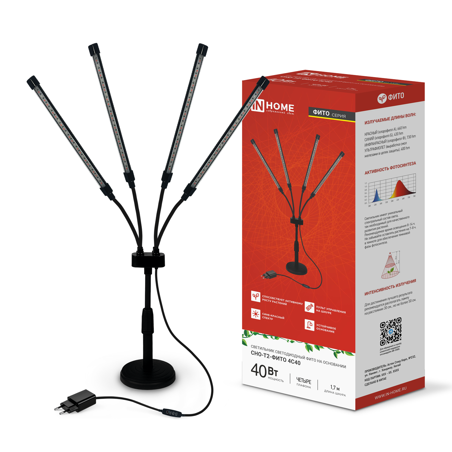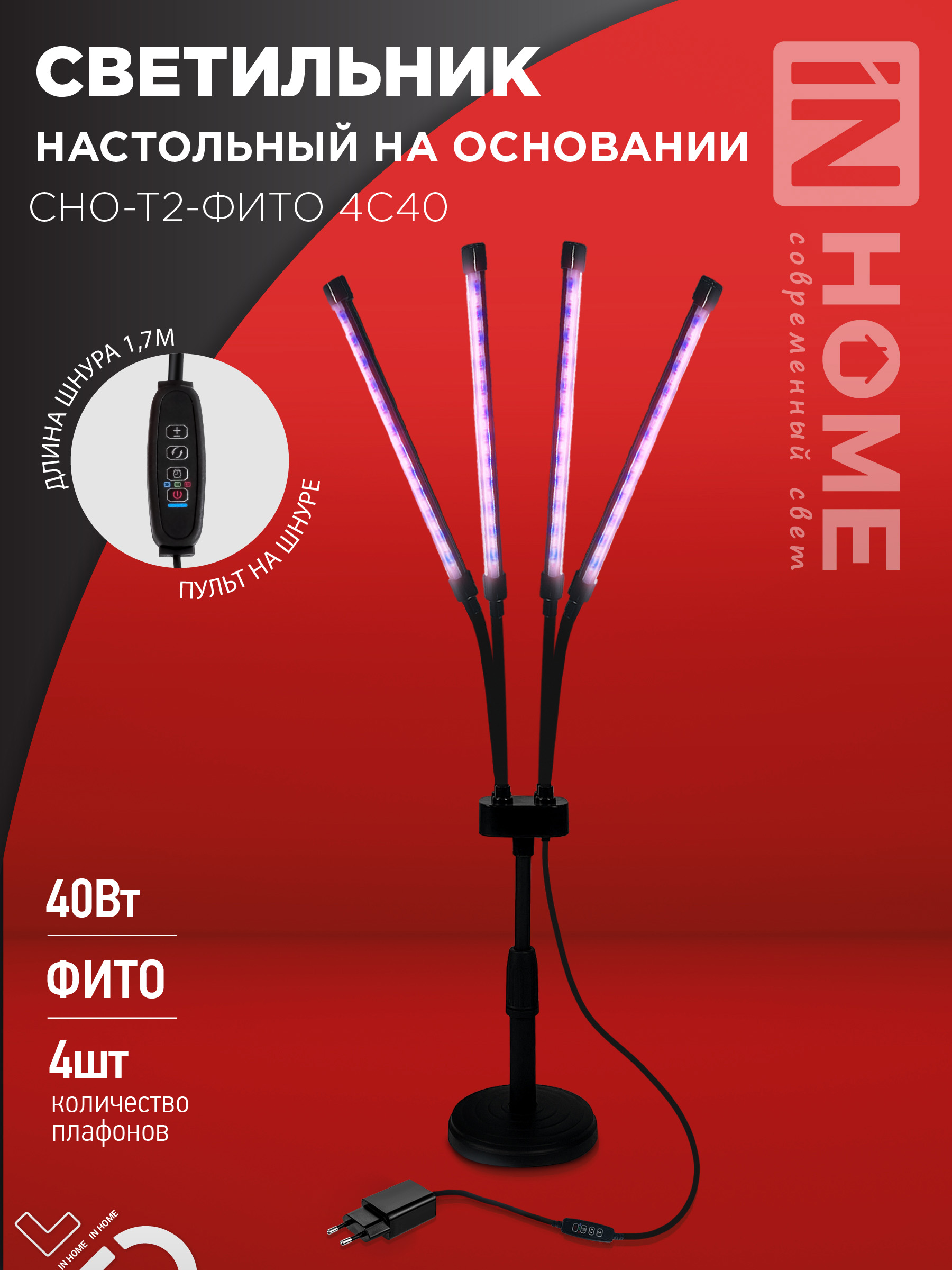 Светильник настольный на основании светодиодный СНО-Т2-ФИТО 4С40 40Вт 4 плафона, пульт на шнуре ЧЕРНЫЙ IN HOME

————

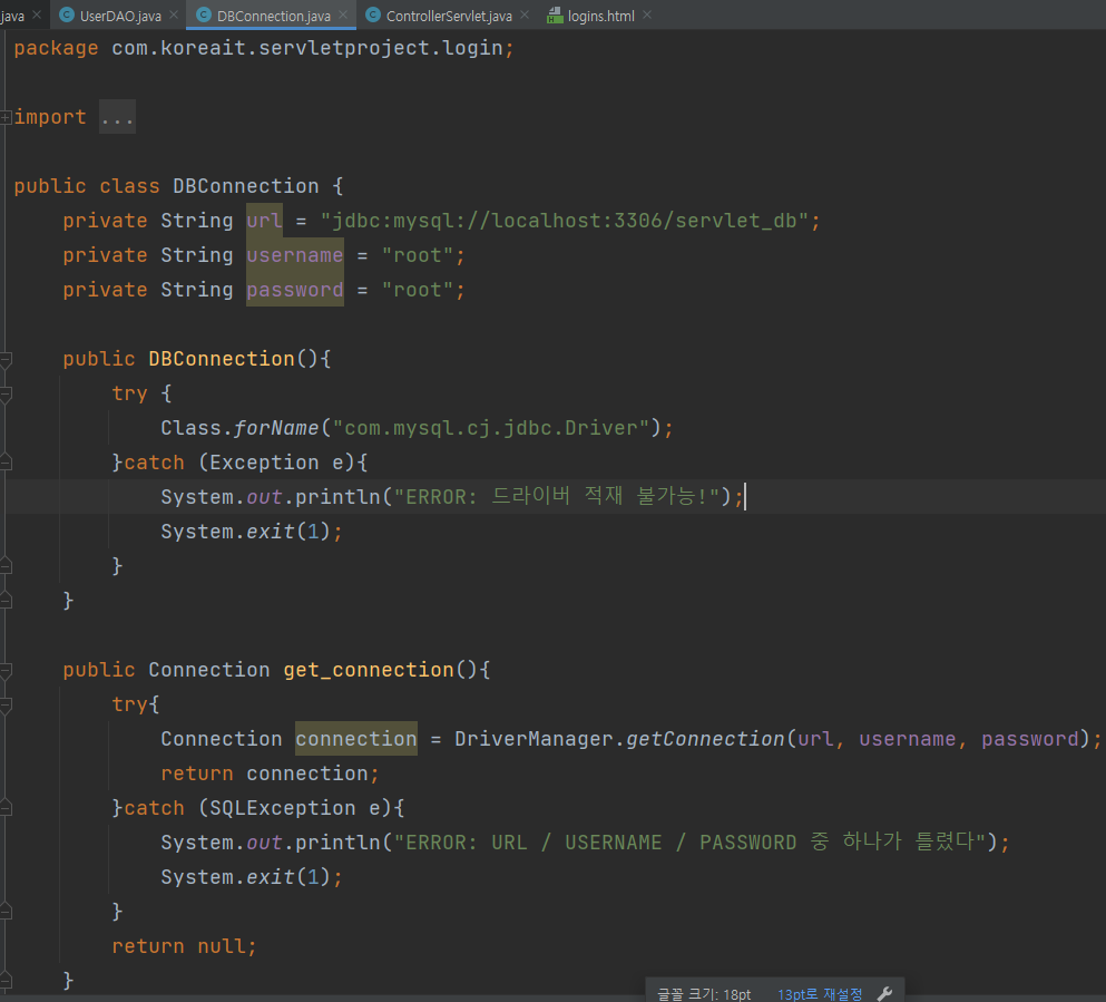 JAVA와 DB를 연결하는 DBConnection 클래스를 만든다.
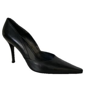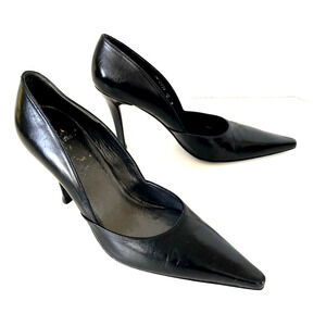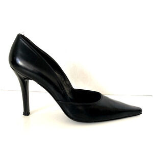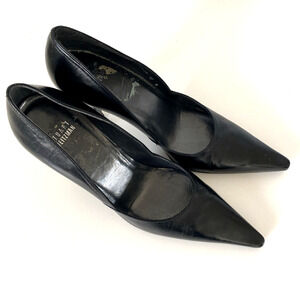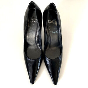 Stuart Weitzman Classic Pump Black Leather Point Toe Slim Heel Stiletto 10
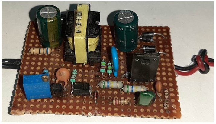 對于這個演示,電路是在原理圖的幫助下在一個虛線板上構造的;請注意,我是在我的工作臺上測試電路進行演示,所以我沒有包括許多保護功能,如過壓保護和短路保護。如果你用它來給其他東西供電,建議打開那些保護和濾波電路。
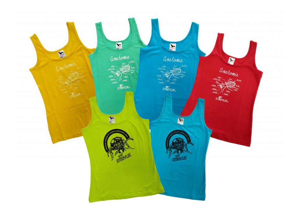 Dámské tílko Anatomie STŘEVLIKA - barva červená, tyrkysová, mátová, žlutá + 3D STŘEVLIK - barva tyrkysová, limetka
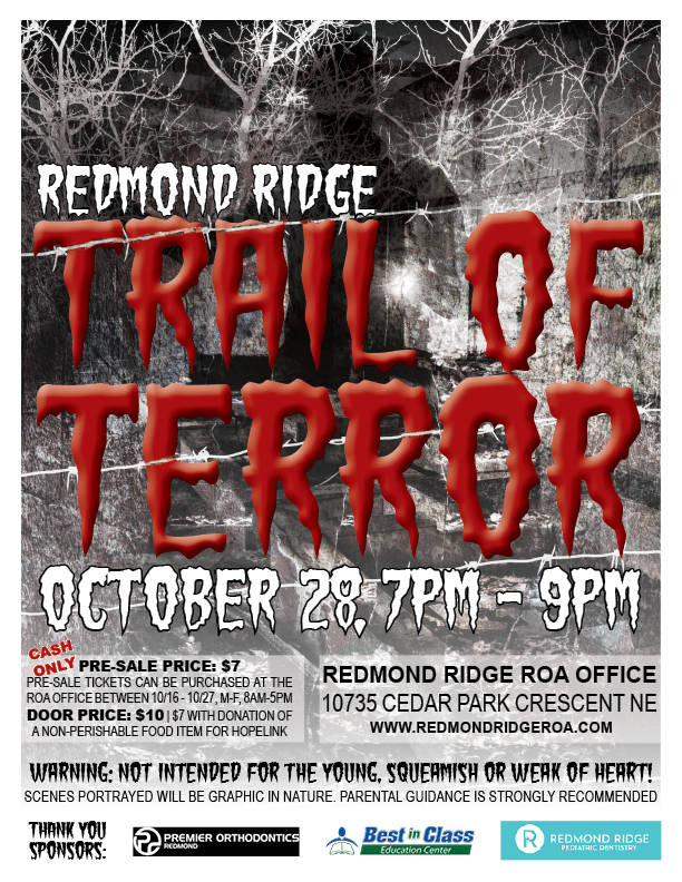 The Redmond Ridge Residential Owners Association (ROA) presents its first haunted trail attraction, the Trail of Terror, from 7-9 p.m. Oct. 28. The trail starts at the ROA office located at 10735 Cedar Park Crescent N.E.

————

**What you should do:** In the records above, everything from the line with "Dámské tílko Anatomie" down to the line with "The Redmond Ridge" is to be set down exactly, both ends included, with no pictures and no other lines.

**Task answer:**
 Dámské tílko Anatomie STŘEVLIKA - barva červená, tyrkysová, mátová, žlutá + 3D STŘEVLIK - barva tyrkysová, limetka
 The Redmond Ridge Residential Owners Association (ROA) presents its first haunted trail attraction, the Trail of Terror, from 7-9 p.m. Oct. 28. The trail starts at the ROA office located at 10735 Cedar Park Crescent N.E.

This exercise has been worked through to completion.